Table of Contents
Introduction
Pegcetacoplan is a targeted complement inhibitor used in diseases driven by abnormal activation of the complement system. It is marketed as Empaveli for systemic use and as Syfovre for intravitreal ophthalmic use. Empaveli is used for adult patients with paroxysmal nocturnal hemoglobinuria, commonly called PNH, and is also indicated for adults and pediatric patients aged 12 years and older with C3 glomerulopathy or primary immune-complex membranoproliferative glomerulonephritis to reduce proteinuria. Syfovre is used for geographic atrophy secondary to age-related macular degeneration. These products contain the same active drug, pegcetacoplan, but they differ in route, dose, formulation, and clinical indication.

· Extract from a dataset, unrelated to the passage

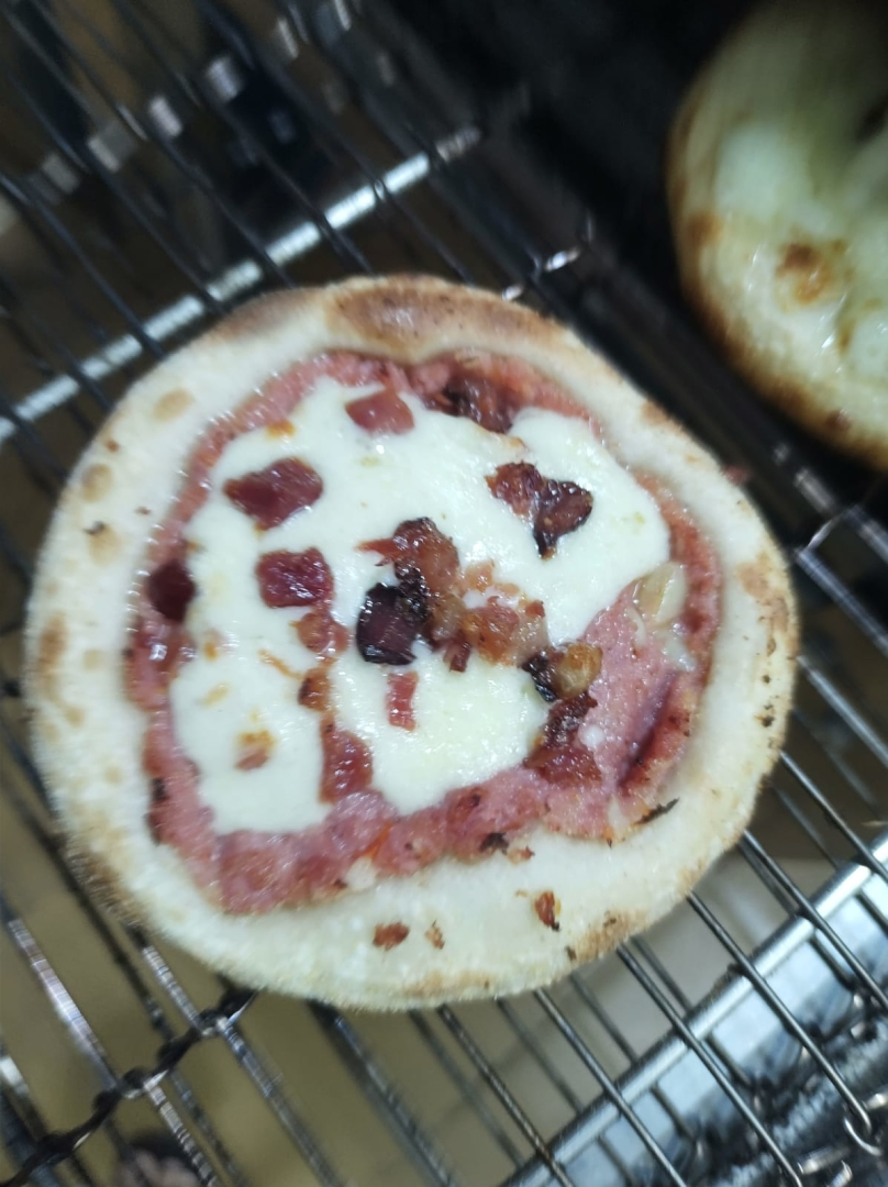 Deliciosa Esfiha Com Massa Fofinha, Calabresa Defumada Temperada Com Tomate E Cebola Picadinhos E Com Delicoso Catupiry Sem Amido e Bacon frito.

Pharmacologically, pegcetacoplan is a complement C3 inhibitor. Complement C3 is a central protein in the complement cascade because the classical, lectin, and alternative complement pathways all converge at C3 activation. When C3 is activated, it generates C3a, C3b, C5 convertase activity, and downstream terminal complement effects including membrane attack complex formation.
The major importance of pegcetacoplan is that it acts proximally in the complement cascade. By binding to C3 and C3b, pegcetacoplan reduces both upstream C3-mediated effects and downstream terminal complement activation. This makes it different from C5 inhibitors such as eculizumab and ravulizumab, which block terminal complement but do not directly block C3b-mediated opsonization.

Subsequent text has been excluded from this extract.